Brooks from Drag Times got his hands on a loaner 100D and ran some acceleration tests. Tesla's sandbagging the numbers again - I believe they say 0-60mph in 4.1s.

Brooks' best time was 0-60mph in *3.596s
*
It did take a few attempts to get that fast - the battery probably needed to be warmed up a little, and the non-performance models don't have an option to pre-warm the battery for an acceleration run.

He also tested the new "Chill mode": 0-60mph in 7.2s. I want to have that be the default for valet mode.


----------



## SoFlaModel3

I don’t expect to ever use chill mode in my Model 3, but I do like to see they routinely sandbag the numbers!!


----------



## danzgator

garsh said:


> Brooks from Drag Times got his hands on a loaner 100D and ran some acceleration tests. Tesla's sandbagging the numbers again - I believe they say 0-60mph in 4.1s.
> 
> Brooks' best time was 0-60mph in *3.596s
> *
> It did take a few attempts to get that fast - the battery probably needed to be warmed up a little, and the non-performance models don't have an option to pre-warm the battery for an acceleration run.
> 
> He also tested the new "Chill mode": 0-60mph in 7.2s. I want to have that be the default for valet mode.
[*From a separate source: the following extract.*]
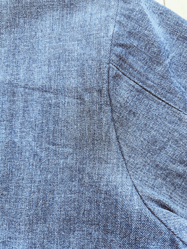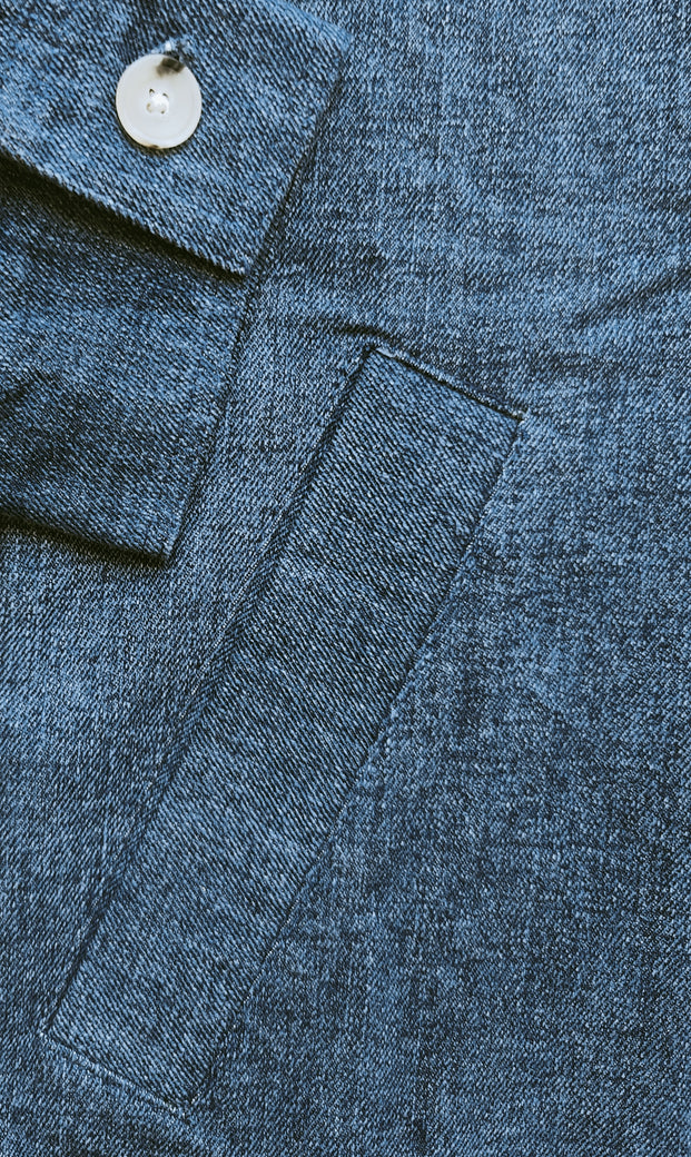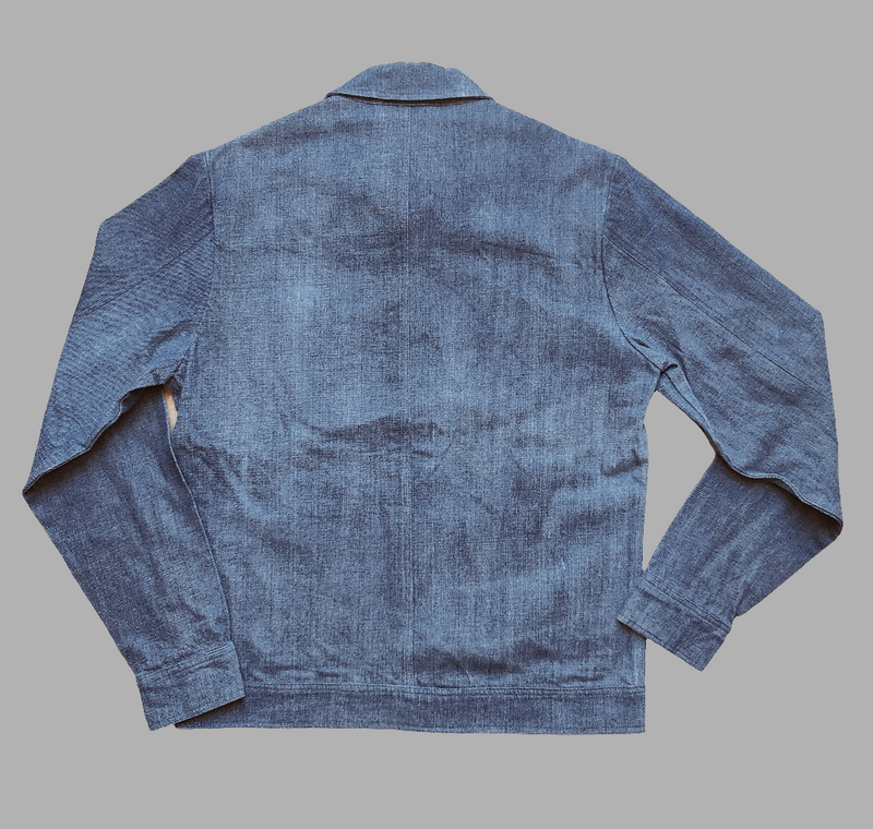 Daniel es una chaqueta corta de volumen regular para entretiempo o invierno suave. Confeccionada en denim y  fabricada a mano en España, es una pieza única exclusiva en talla Large.

It sure would be nice to get an update a few months into owning the Model 3 saying it was even faster!


----------



## SSonnentag

I took delivery of my S100D on Monday. I enjoy acceleration, but the 100D is ridiculously quick. Full "throttle" is downright uncomfortable. Why anyone would pay the premium for the performance model for a daily driver is beyond me. I will be using "chill" mode when my wife is with me just to prevent myself from giving her accidental whiplash.


----------



## Watts4me

I just test drove a S100D this past weekend. That thing is fast! I would love to feel what the P100D can do


----------



## Michael Russo

Watts4me said:


> I just test drove a S100D this past weekend. That thing is fast! I would love to feel what the P100D can do


Same as the 100D with a big of extra P...epps!!


----------



## Watts4me

Michael Russo said:


> Same as the 100D with a big of extra P...epps!!


That 1 second of extra P...epps is what I want to experience. :sunglasses:


----------



## Brokedoc

Among Teslas, I've driven my X75D (6.0s), my uncorked X75D (?4.9s), loaner SP85D (3.1s) and loaner XP90D (3.2s)
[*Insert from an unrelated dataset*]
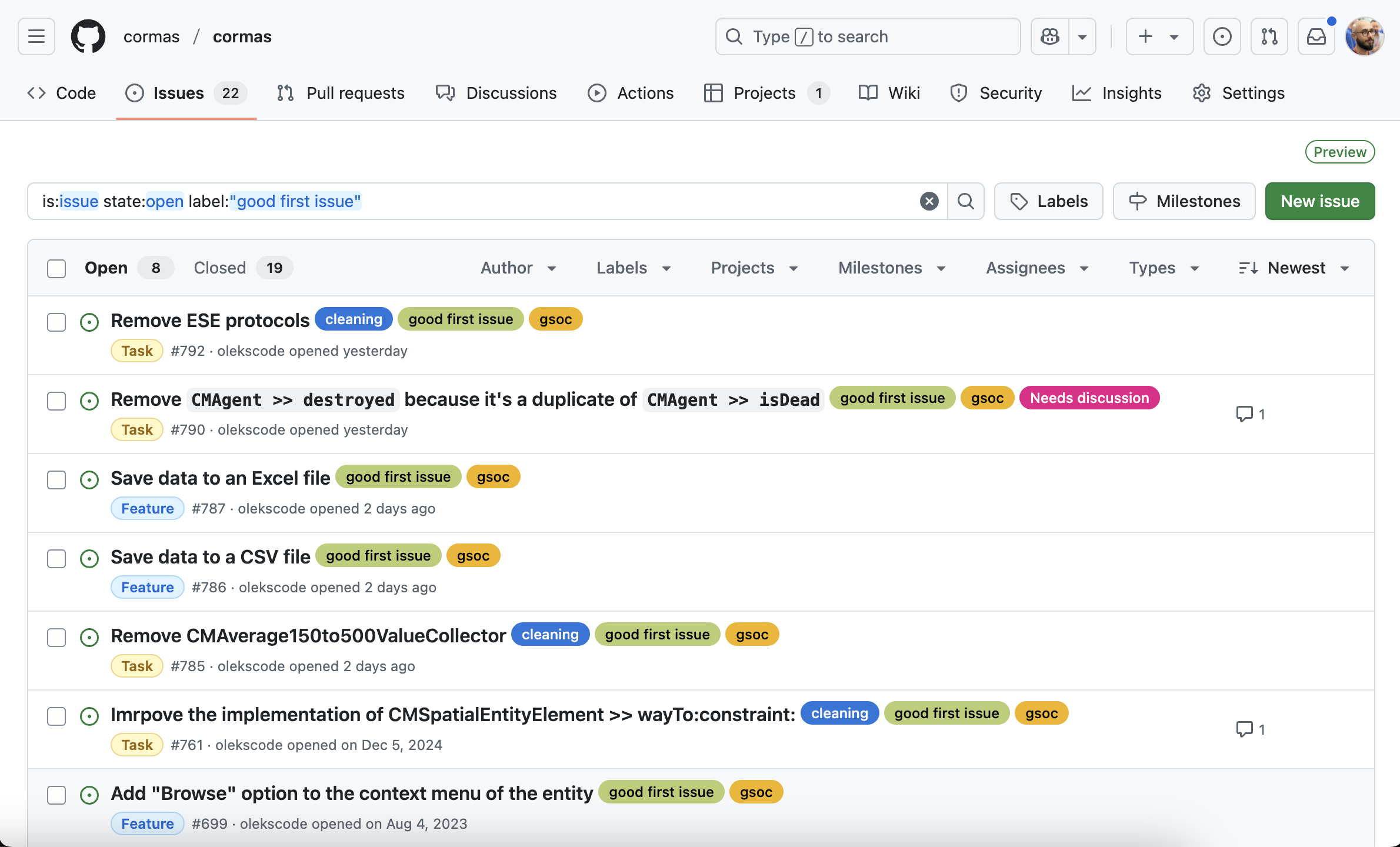 You will see the list of open issues. Most issues will have one or multiple labels associated with them. If you are a newcomer, we recommend that you start with good first issue label. Those issues are selected by experienced developers as a recommended practice for new contributors. They are usually small and easy to resolve.

The 1 second difference after getting uncorked is VERY noticeable and I'm EXTREMELY happy with the current amount of acceleration for this 5000 pound vehicle.

The SP85D and XP90D were ridiculously fast and only usable on straight acceleration. I can definitely see some inexperienced driver trying to accelerate on a turn and losing control.
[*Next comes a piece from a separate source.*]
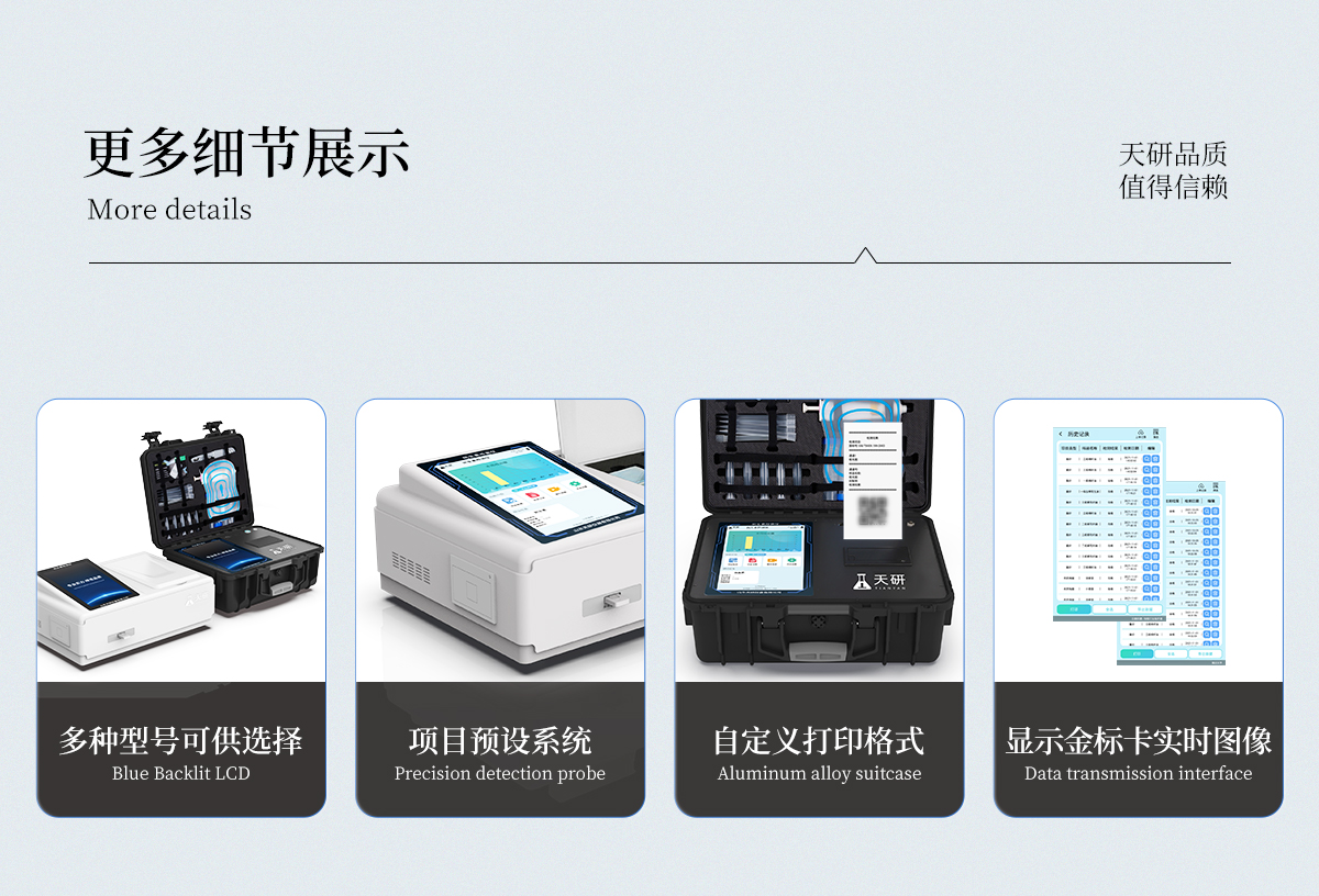 | 儀器采用手提一體化系統(tǒng)檢測技術(shù),將分光光度模塊、膠體金檢測模塊、新型農(nóng)殘檢測模塊、數(shù)字化管理模塊、無線通訊模塊高度集成于一體,支持檢測200種食品安全檢測項(xiàng)目,同時預(yù)留升級檢測方法。 | 儀器檢測模塊標(biāo)準(zhǔn)化、智能化,檢測項(xiàng)目可隨意自由組合。檢測箱體內(nèi)置多個標(biāo)準(zhǔn)檢測單元,檢測模塊可以調(diào)整配置。 | 顯示屏幕:儀器采用10.1英寸豎向液晶觸摸屏顯,搭配運(yùn)行安卓智能操作系統(tǒng),主控芯片采用ARM Cortex-A7,RK3288/4核處理器,主頻1.88Ghz,操作方便,性能更強(qiáng)。 | 檢測通道:≥12通道;采用精密旋轉(zhuǎn)比色池設(shè)計(jì),使用同芯片同光源校準(zhǔn)精度,解決不同光源之間的誤差值,更加準(zhǔn)確**。(1-12通道間誤差0.1%,**號:ZL202022821055.2) | 儀器光源:高精度進(jìn)口四波長冷光源,每個通道均配置 410、520、590、630nm 波長光源,標(biāo)配**的光路切換裝置,**光路切換功能可實(shí)現(xiàn)64波長,并且所有檢測項(xiàng)目可實(shí)現(xiàn)所有通道同時檢測。 | 設(shè)備可一鍵校準(zhǔn),自動保存校準(zhǔn)數(shù)據(jù),自動對比校驗(yàn),得到精準(zhǔn)光源,采用Android SP存儲數(shù)據(jù),光源數(shù)據(jù)永不丟失,方便每一次使用。 | 通訊接口:配備無線通信模塊、4G(APN)通訊模塊、藍(lán)牙傳輸,同時具有雙USB接口以及RJ45網(wǎng)線接口,可以多方式實(shí)現(xiàn)數(shù)據(jù)保存及數(shù)據(jù)傳輸。 | 存儲方式:支持U盤存儲,標(biāo)準(zhǔn)USB接口,免驅(qū)動安裝。檢測結(jié)果存儲容量20萬條以上,可生成Excel表格進(jìn)行拷貝,并具有登錄保護(hù)功能。 | 智能化操作系統(tǒng):: ★操作系統(tǒng):儀器可在同一檢測界面自動對應(yīng)相關(guān)檢測通道,一次性選擇1-12個樣品名稱,無需退出界面,節(jié)省操作時間。并可以對每個通道屬性和樣品信息單獨(dú)進(jìn)行編輯,例如送檢單位、人員,檢測人員等,打印時勾選打印顯示。 | ★數(shù)據(jù)集成系統(tǒng):設(shè)備首頁自動匯總分析檢測數(shù)據(jù),包含:周檢測數(shù)據(jù)、月檢測數(shù)據(jù),全部檢測總數(shù)量,均包含檢測總數(shù),合格數(shù),不合格數(shù),以及相關(guān)柱形分析圖,各項(xiàng)檢測數(shù)據(jù)一目了然,無需電腦查詢,更加快捷直觀。 | ★數(shù)據(jù)庫系統(tǒng):十幾項(xiàng)數(shù)據(jù)庫分類管理儀器:包含項(xiàng)目類型、項(xiàng)目數(shù)據(jù)、檢測數(shù)據(jù)、歷史記錄、國標(biāo)信息、曲線信息、采樣信息、檢測信息、受檢信息、復(fù)核信息、圖表信息、光源校準(zhǔn)信息、打印樣式信息、樣品庫信息等等,數(shù)據(jù)庫之間互相協(xié)調(diào)聯(lián)動保證數(shù)據(jù)的真實(shí)完整性。同時產(chǎn)品數(shù)據(jù)庫以及歷史檢測記錄支持一鍵檢索功能。 | ★限量規(guī)判系統(tǒng):具有限量查詢、添加物質(zhì)合規(guī)判定系統(tǒng)。檢測出結(jié)果后,系統(tǒng)自動調(diào)用系統(tǒng)數(shù)據(jù)庫中相關(guān)國標(biāo)進(jìn)行比對判定,客觀顯示判定結(jié)果是否合格 | ★項(xiàng)目預(yù)設(shè)系統(tǒng):儀器具有任務(wù)預(yù)設(shè)模塊,一鍵提前預(yù)設(shè),給出方便快捷的新檢測方案,每一個任務(wù)分別可以設(shè)置不同的樣品、批次、編號、來源、備注、抽樣信息、檢測信息、受檢信息、復(fù)核信息等更多信息。樣品送檢時一鍵調(diào)取保存信息,并可多次調(diào)取,大大提高檢測效率。 | ★數(shù)據(jù)監(jiān)管系統(tǒng):同步對接監(jiān)管平臺,數(shù)據(jù)可局域網(wǎng)和互聯(lián)網(wǎng)數(shù)據(jù)上傳,檢測結(jié)果可選擇直接傳至食品安全監(jiān)管平臺。進(jìn)行區(qū)域食品安全監(jiān)管及大數(shù)據(jù)分析處理與數(shù)據(jù)統(tǒng)計(jì),檢測區(qū)域食品安全長短期動態(tài),達(dá)到食品安全問題預(yù)估、預(yù)警。 | ★打印系統(tǒng):內(nèi)置全新打印機(jī),新創(chuàng)自定義打印方式,可按需靈活勾選控制:產(chǎn)品合格證(國家農(nóng)業(yè)部標(biāo)準(zhǔn)要求),二維碼,抽樣信息、檢測信息,受檢信息、復(fù)核信息、抽樣日期、檢測日期等信息的打印。 | 供電模式:儀器交直流兩用,直流12V供電,可連接車載電源,可配6ah大容量充電鋰電池,電量可實(shí)時顯示,方便戶外流動測試。 | 膠體金檢測模塊:采用雙通道CMOS成像處理技術(shù)及膠體金免疫層析技術(shù),可同時讀取雙膠體金卡數(shù)據(jù),自動采集、處理分析,將檢測結(jié)果顯示,并可根據(jù)參考限值自動判斷檢測結(jié)果,可檢測常見的獸藥殘留、生物毒素、抗生素、違禁添加物等。 | ★探測技術(shù):CMOS成像探測; | ★檢測通道:1個通道; | ★檢測方式:消線法和比色法; | ★顯示模式:陰性或陽性; | 曲線形式:軌道式掃描方式,顯示金標(biāo)卡圖像,實(shí)時生成、識別CT曲線圖,無需手動調(diào)整,完成檢測后自動退出檢測卡。兼容市場上其他金標(biāo)卡,使用耗材不受限制。 | 儀器具備遠(yuǎn)程升級功能,可定向分客戶分儀器更新,開機(jī)后自動更新,并可持續(xù)性免費(fèi)更新系統(tǒng)版本,無需像傳統(tǒng)產(chǎn)品返廠更新,節(jié)省時間及人力成本并避免了物流運(yùn)輸返廠升級導(dǎo)致設(shè)備損壞的潛在風(fēn

I can't imagine the 1.9s acceleration of Roadster2.0 - it must be uncomfortably fast and could border on being unhealthy. Just as jet fighter pilots and astronauts are taught special maneuvers to maintain blood flow to their brains, I suspect that the 1.9s acceleration level could also be bad for your health (especially those with uncontrolled high blood pressure)


----------